Most rice in the USA is grown using conventional tillage; however, conservation tillage has gained acceptance in many rice-growing areas (Street and Bollich, 2003) and is increasing in the Midsouth. The adoption of conservation tillage has been encouraged because of its economical and environmental benefits. Al-Kaisi and Yin (2004) reported that economic returns for no-till corn (Zea mays L.) production were equal or greater than economic returns for corn produced using conventional tillage. The no-till practice in rice reduced total solids and nutrients in rice field discharge water (Feagley et al., 1992; Bollich and Feagley, 1994). However, reduced tillage rice production is not without problems. Preplant vegetation management, difficulties in establishing stand, limited opportunity to apply fertilizer nutrients properly, and varieties that have performed poorly in no-till systems are factors that have limited the commercial use of no-till or other conservation tillage techniques for rice.

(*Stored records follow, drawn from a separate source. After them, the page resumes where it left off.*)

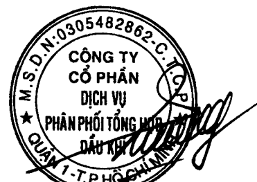
Vũ Tiên Dương Chủ tịch hội đồng quản trị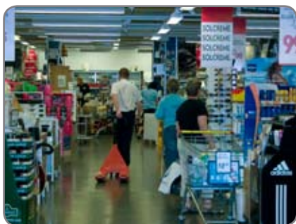
Panther Silent på en supermarket där kundens komfort och välbefinnande sätts i fokus.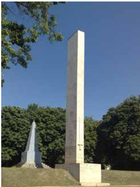
2. ábra. Baja, Déri-kert, I. világháborús emlékmű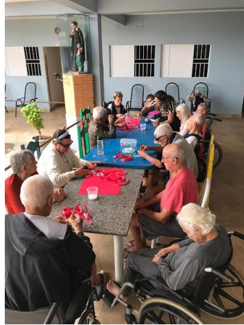
14/10/2025 – acompanhamento psico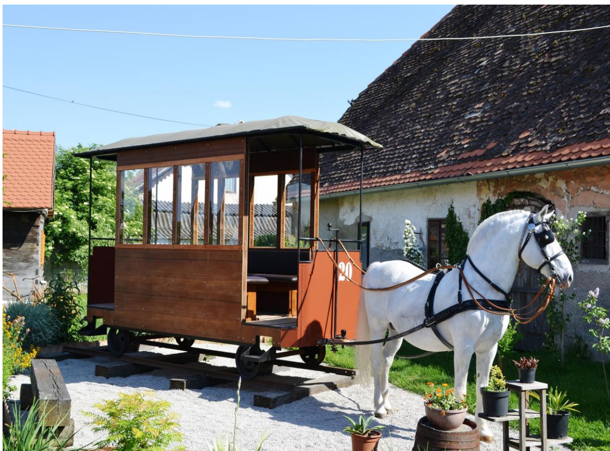
Slika 5. Rekonstrukcija kojnače u Novom Čiču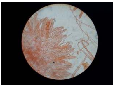
Arci, 400x vergroot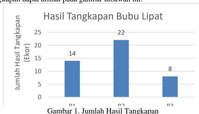
Gambar 1. Jumlah Hasil Tangkapan

Berdasarkan hasil penelitian yang telah dilakukan, diketahui bahwa jumlah tangkapan rajungan berbeda pada setiap perlakuan celah pelolosan. Perlakuan P1 menghasilkan 14 ekor, perlakuan P2 menghasilkan 22 ekor, dan perlakuan P3 menghasilkan 8 ekor, dengan total keseluruhan 44 ekor. Untuk histogram hasil tangkapan dapat dilihat pada gambar dibawah ini:

Conventional and reduced tillage are both applicable with the drill- and water-seeded cultural systems. Conventional tillage provides a uniform, weed-free seedbed that promotes seedling emergence and facilitates drainage following land leveling processes used to smooth the soil surface after tillage. Reduced tillage includes both no-tillage and stale seedbed systems (Linscombe et al., 1999; Slaton and Cartwright, 2001). Rice is planted into the residue of a previous crop in a no-till system, whereas in the stale seedbed system, previous crop residue is destroyed by tillage in the fall, and seedbeds remain fallow during the winter. Mild winter conditions allow native winter annual weeds to revegetate the fall-prepared seedbeds. By spring, winter weeds must be controlled either with tillage or burndown herbicides before seeding can be performed. In either of these production systems, producers can realize benefits by planting earlier than when a conventional tillage system is utilized.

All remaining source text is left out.